Prerequisites: Module 1 (Neural Networks), Module 2 (Frameworks — understand transformers and PyTorch).

Role targets: Agentic AI Engineer · GenAI Engineer · AI Engineer


Lecture Series

12 lectures + 3 hands-on labs covering everything from LLM fundamentals to production multi-agent systems. → Start here

# Lecture # Lecture
01 LLM Fundamentals 07 Claude Agent SDK
02 Prompt Engineering 08 Multi-Agent Systems
03 Tool Use 09 RAG — Ingestion
04 Agent Architecture 10 RAG — Retrieval
05 Memory Systems 11 Evaluation
06 LangGraph 12 Production

Labs: Lab 01 — Research Agent · Lab 02 — Multi-Agent Pipeline · Lab 03 — Production RAG


Why This Matters for AI Hardware

Agentic AI creates the inference demand that drives chip design: - Long-context attention (128K+ tokens) → L5: HBM bandwidth, memory hierarchy - Multi-turn tool calling → L3: low-latency kernel launch, stream scheduling - Batch inference serving → L2: TensorRT-LLM, in-flight batching optimization - RAG vector search → L1: cuVS/FAISS acceleration on GPU

Understanding these workloads helps L2 (compiler) and L5 (architecture) engineers design for real usage patterns.

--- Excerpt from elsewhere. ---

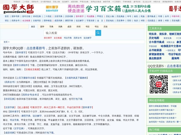 全称:国学大师网_国学网_国学迷_汉字宝典_诗词宝典_国学经典&古典文学_古今图书集成&四库全书电子版&永乐大典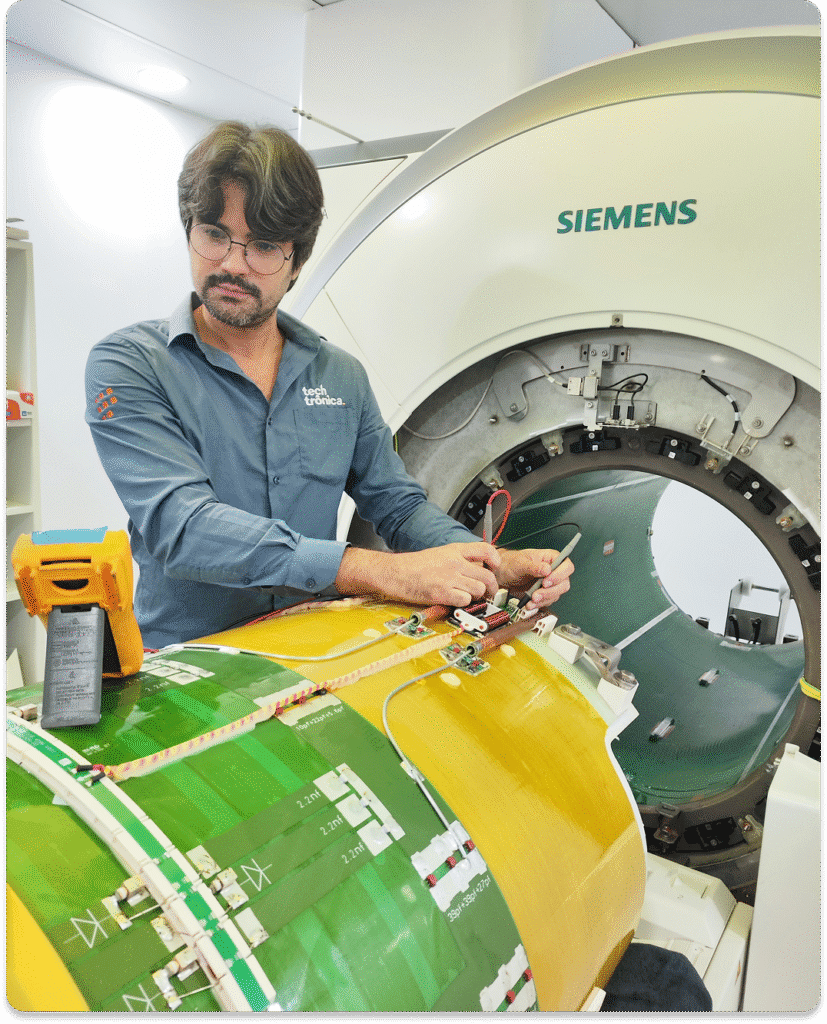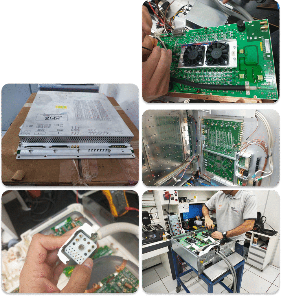 Com propriedade e precisão, nossa equipe altamente especializada realiza reparos de RFPA (Amplificador de Potência de RF), Módulos de Gradiente (GPA), TCU (Unidade de Controle Térmico) e outras unidades eletrônicas, como Codi-box e Tx-box.

1. LLM Fundamentals for Engineers

  • Transformer architecture: attention mechanism, KV-cache, positional encoding
  • Tokenization: BPE, SentencePiece, vocabulary size impact on embedding layer
  • Inference mechanics: prefill (compute-bound) vs decode (memory-bound), autoregressive generation
  • Scaling laws: parameter count vs dataset size vs compute budget

2. Agentic AI

  • What agents are: LLM + tools + memory + planning loop
  • Agent frameworks: LangChain, LangGraph, CrewAI, AutoGen, Claude Agent SDK
  • Tool use: function calling, API integration, code execution
  • Memory: conversation history, vector store retrieval, working memory
  • Planning: chain-of-thought, ReAct, tree-of-thought, self-reflection
  • Multi-agent systems: task decomposition, agent collaboration, orchestration

Projects: 1. Build an agent that uses tools (web search, calculator, code execution) to answer complex questions. 2. Build a multi-step research agent: given a topic, search → synthesize → write a report.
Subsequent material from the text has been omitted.